3.1 Bestemmingsomschrijving
De voor 'Bedrijf' aangewezen gronden zijn bestemd voor:
-
bedrijven zoals opgenomen in de categorieën 1 en 2 van de bij deze regels behorende bijlage 'Staat van bedrijfsactiviteiten';
-
groothandel in kantoorartikelen, uitsluitend ter plaatse van de aanduiding ‘specifieke vorm van bedrijf - groothandel in kantoorartikelen’;
-
productiegebonden detailhandel;
-
opslag en uitstalling, kantoor- en parkeervoorzieningen ten dienste van de hiervoor genoemde doeleinden;
-
erven en verhardingen;
-
voorzieningen voor verkeer en verblijf.
In de bestemming zijn geen bedrijfswoningen toegestaan.
In de bestemming zijn geluidszoneringsplichtige inrichtingen niet begrepen.
3.2 Bouwregels
3.2.1 Bedrijfsgebouwen
Voor het bouwen van gebouwen gelden de volgende regels:
-
gebouwen mogen uitsluitend binnen het aangegeven bouwvlak worden gebouwd;
-
de goothoogte van gebouwen mag niet meer bedragen dan is aangegeven;
-
de bouwhoogte van gebouwen mag niet meer bedragen dan is aangegeven.
3.2.2 Bouwwerken, geen gebouwen zijnde
Voor het bouwen van bouwwerken, geen gebouwen zijnde, gelden de volgende regels:
-
bouwwerken, geen gebouwen zijnde, mogen worden gebouwd binnen en buiten het bouwvlak;
-
de bouwhoogte van erf- en terreinafscheidingen mag niet meer dan 2 m bedragen, met dien verstande dat de bouwhoogte voor erf- en terreinafscheidingen vóór de voorgevellijn niet meer dan 1 m mag bedragen;
-
de bouwhoogte van overige bouwwerken, geen gebouwen zijnde, mag niet meer bedragen dan 2,5 m.
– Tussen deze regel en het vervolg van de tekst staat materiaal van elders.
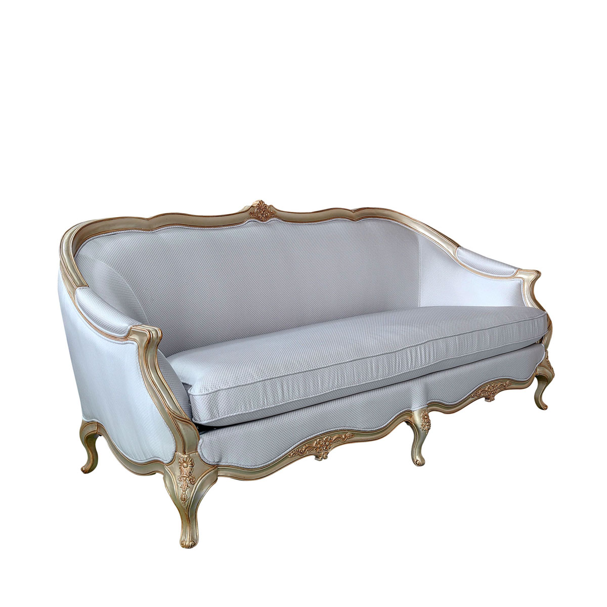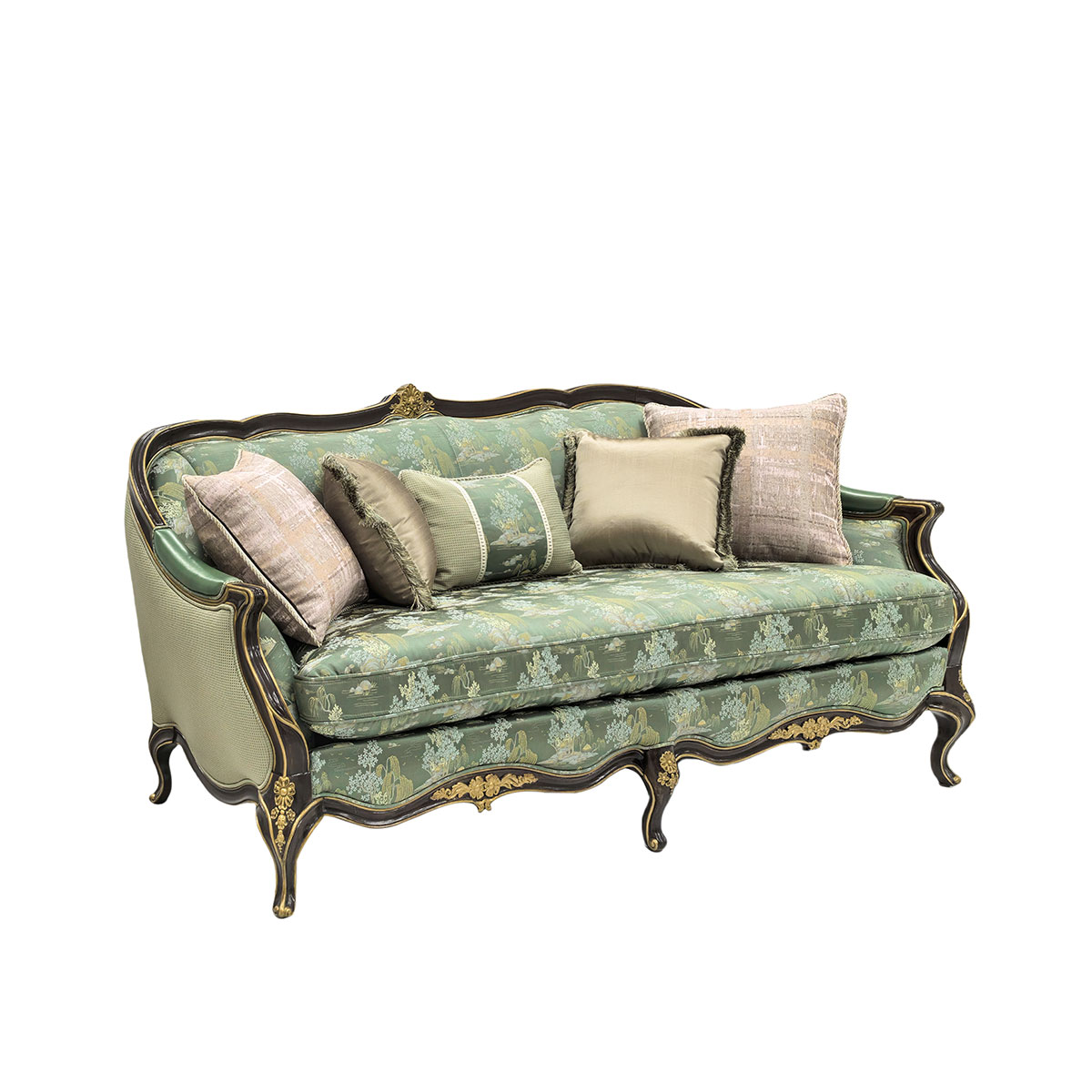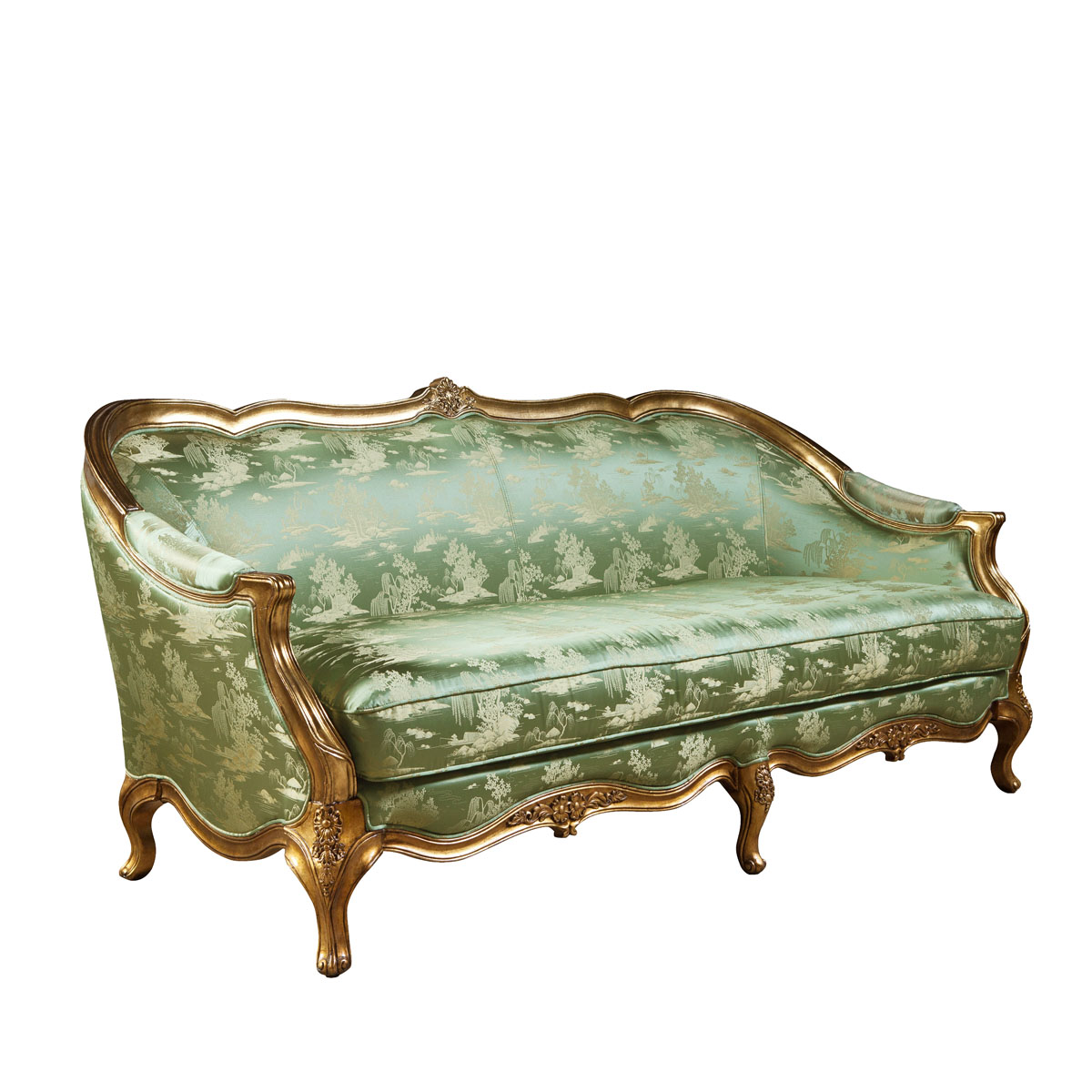 * 從法國十八世紀初攝政時期的風(fēng)格中汲取靈感制作而成,采用了同風(fēng)格的彎腳設(shè)計,阿坎瑟斯葉雕刻造型和金箔貼飾,再飾以中國山水圖案的絲綢和包有豐厚的填充物坐墊和靠背,使得這款沙發(fā)閃耀著華麗高貴的光環(huán);

3.3 Specifieke gebruiksregels
Opslag en (uit)stalling van goederen dient binnen het bouwvlak dan wel achter de voorgevellijn plaats te vinden.
3.4 Afwijken van de gebruiksregels
Bij een omgevingsvergunning kan worden afgeweken van het bepaalde in lid 3.1 voor het toestaan in de bestemming 'Bedrijf' van andere bedrijvigheid, zoals genoemd in de bijlage 'Staat van bedrijfsactiviteiten', dan de bedrijvigheid zoals genoemd in lid 3.1 onder a, met dien verstande, dat deze andere bedrijvigheid naar aard en invloed op de omgeving gelijk te stellen dient te zijn met de in lid 3.1 onder a toegelaten bedrijvigheid.